Thermal energy storage is the present and future of the widespread integration and sustainability of renewable energy in this era of energy transition and a solution to the balance in energy demand and supply at different peak levels. A wind energy system combined with thermal energy storage deals with one of the major challenges in the use of wind and other renewable energy sources, that is, their variability.
This work had two main focus, the first was to optimise a time and size scale for thermal energy storage options, that is, hot water sensible heat storage, latent heat storage with PCMs and thermochemical heat storage. Research was carried out into the various storage options to determine relevant factors such as their storage capacities, power, efficiencies, storage periods and potential costs. The optimization results indicated that for medium to long term storage applications (days to months) with low storage capacities hot water sensible heat storage is more suitable, for short to long term storage applications (hours to months) with high storage capacities latent heat storage using PCMs is more suitable and for short to medium term storage applications (hours to days) with even high storage capacities thermochemical heat storage is more suitable.

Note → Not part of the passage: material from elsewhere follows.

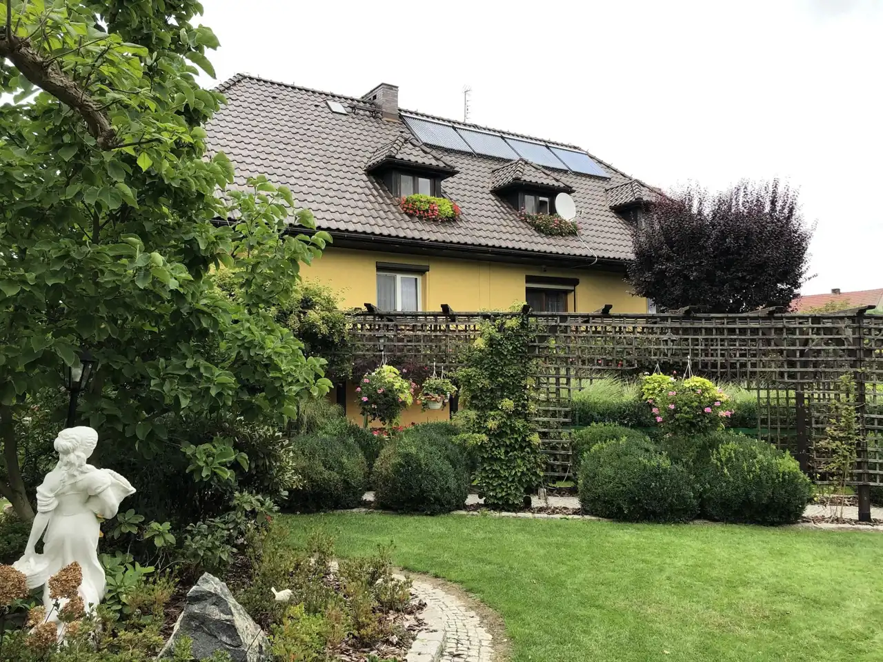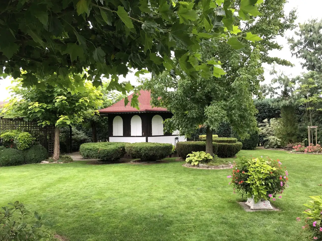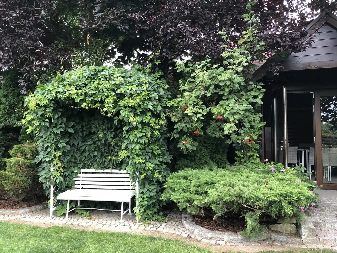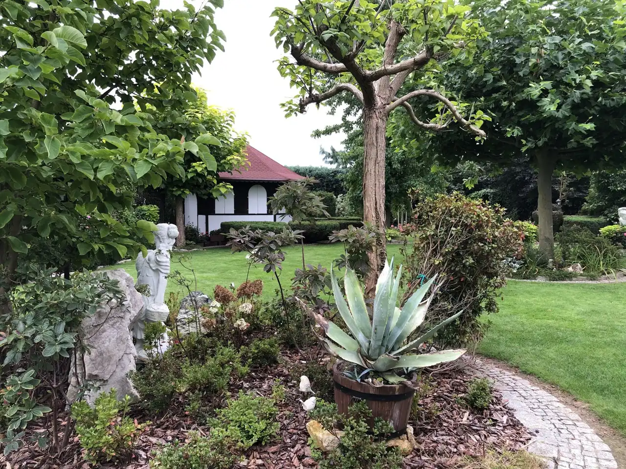 Ogród pięknie zagospodarowany z licznymi nasadzeniami, dodatkową zabudowaną kuchnią letnią i miejscem na grilla, paleniskiem. W całym ogrodzie rozprowadzone nawadnianie, woda ze studni.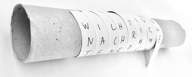 Entschlüssle den Lösungssatz mit der passenden Skytale und notiere ihn auf deinen Zettel.

The second focus was to determine a liquid storage material that will be the most suitable thermal storage material in terms of energy storage capacity, storage volume/size, and storage cost. This analysis was made for water (Hot water), thermal oil (Therminol VP-1) and molten salt (Hitec salt) based on a 117.3 MW Metsälä wind farm in Kristiinankaupunki, Finalnd. The analysis of the material properties such as minimum and maximum temperature, volume, density, specific heat capacity and cost per/kWh indicated that interms of storage capacity, storage volume/size and storage cost, molten salt (Hitec) is the most suitable thermal storage material among the three materials analysed.